Did Air France Flight 447 break up midair?

Figuring out what caused the crash could shed light on the safety of composites – new materials replacing traditional metals in many aircraft.

Roberto Candia/AP
Journalists look at debris of the missing Air France flight 447 after being recovered from the ocean during search operations at Recife's Air Force base CINDACTA III, Brazil, Friday.

Air France Flight 447 may have broken apart in the air, new reports indicate.

A Brazilian newspaper cites unnamed investigators who say an examination of some of the retrieved bodies, which were found as far as 85 miles apart, indicates that the plane may have broken apart before it fell into the Atlantic Ocean on June 1.

The Monitor has not been able to confirm those reports. Still, that possibility adds to the urgency of finding the plane's black boxes. As each hour passes, the signals they send out lose a little strength. By the end of the month, they could fade altogether, turning a difficult search of a mountainous undersea landscape into an all-but-impossible one.

The flight data recorders and any recovered wreckage probably holds the key to the puzzle of what caused the Airbus A330-200 to suddenly drop out of the sky on a routine flight from Rio de Janeiro to Paris.

Finding out what happened is critical to safety experts and engineers, who use what they learn from each accident to prevent others, as well as to increase the safety, reliability, and flexibility of modern aircraft.

The aviation industry is currently in the midst of an historic shift in aircraft construction, from generations of using titanium and aluminum to using lighter high-tech composites – complex materials made of intricately woven fibers baked with resins. These materials are believed to be as stronger if not stronger than traditional metals.

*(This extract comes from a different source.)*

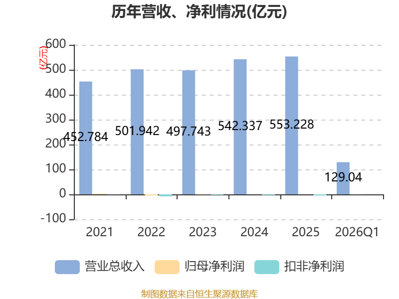 中证智能财讯苏豪汇鸿(600981)4月24日披露2026年第一季度报告。公司实现营业总收入129.04亿元,同比增长16.40%;归母净利润亏损3295.56万元,上年同期亏损1367.3万元;扣非净利润亏损628.88万元,上年同期亏损3391.92万元;经营活动产生的现金流量净额为-10.75亿元,上年同期为-3.85亿元;报告期内,苏豪汇鸿基本每股收益为-0.01元,加权平均净资产收益率为-0.66%。

While the A330-200 has a traditional metal fuselage, it uses more composites in components such as the wing and tail structures than older planes do. Boeing is building the first major commercial plane, the Boeing 787, with a fuselage made completely of composite materials.

"There is a very compelling need to find the wreckage," says Richard Healing, a former member of the National Transportation Safety Board and an aviation safety consultant. "We need to know, if some of the composite parts failed [on Flight 447, whether they failed at a point that any other material would have failed."

Determining what happened

The Associated Press reported Friday that three more bodies have been found, bringing the total to 44 of the 228 people aboard.

Investigators say determining their cause of death, as well as where each passenger was sitting on the plane, could help determine whether Flight 447 broke up in the air, or whether strong ocean currents are responsible for the widespread recovery zone.

A French nuclear submarine is scouring the Atlantic where debris has been found, listening for "pinger signals" from the black boxes. Special probes called "pinger locators" from the US Navy are expected to be part of the search in several days.

Some of the biggest pieces of debris found so far appear to be the plane's tail fin and vertical stabilizer. These parts are made partially of composite materials, and their failure has contributed to several crashes in the past. In the 2001 crash of American Airlines Flight 587, an Airbus 300 with a similar design to the A330, the vertical stabilizer snapped off in severe turbulence. One of the first questions investigators addressed was whether the composite materials used in the component contributed to the crash, according to Mr. Healing.

“The tail that broke off was a composite structure and was attached to the aircraft in six places. The lugs [some made of composite materials] holding it into place failed,” he says.

Healing was on hand in Germany when investigators tested the strength of one of those composite lugs, and he said it appeared to behave as it was designed to, which is called its “rated value.”

“That means that the lug was designed to be strong enough to withstand the forces it might see once in the lifetime of the aircraft,” says Healing. “That particular part failed at 192 percent of its rated value.”

That means it withstood twice as much pressure as it was designed to before it failed, and so such lugs are still being used in newer aircraft, like the A330, according to Healing. [Editor’s note: The original version used the wrong terminology for lugs in the preceding section.]

Composites less tested than metals

But some aviation analysts are less confident in the reliability of composite materials, in part because safety experts have not yet designed as many tests to determine whether this material has been compromised as they have for traditional metals like aluminum and titanium. Over the past 70 years, safety experts have designed a series of nondestructive methods of testing metals, using X-rays, dyes, and other techniques to find imperfections in the metal or cracks that could lead to a crash.

"We have a far less robust understanding of how composites may deteriorate," says Robert Mann, president of R.W. Mann & Co., an aviation consulting company in Port Washington, N.Y.

"The extent of our ability to find faults in composites is something called a tap test, believe it or not. We tap the part and if it rings true, then you say, 'Oh, it must be a good part.' But if you hear a kind of a thud, you say, 'Oh, maybe it has delaminated internally, maybe it's got a void or other problems internally."

Mr. Mann says when he saw the picture of the retrieved tail of Air France Flight 447, one of the first things he wanted to know was whether there was a parallel with AA Flight 586 and whether failure of the composite structures in any way contributed to the breakup of the plane.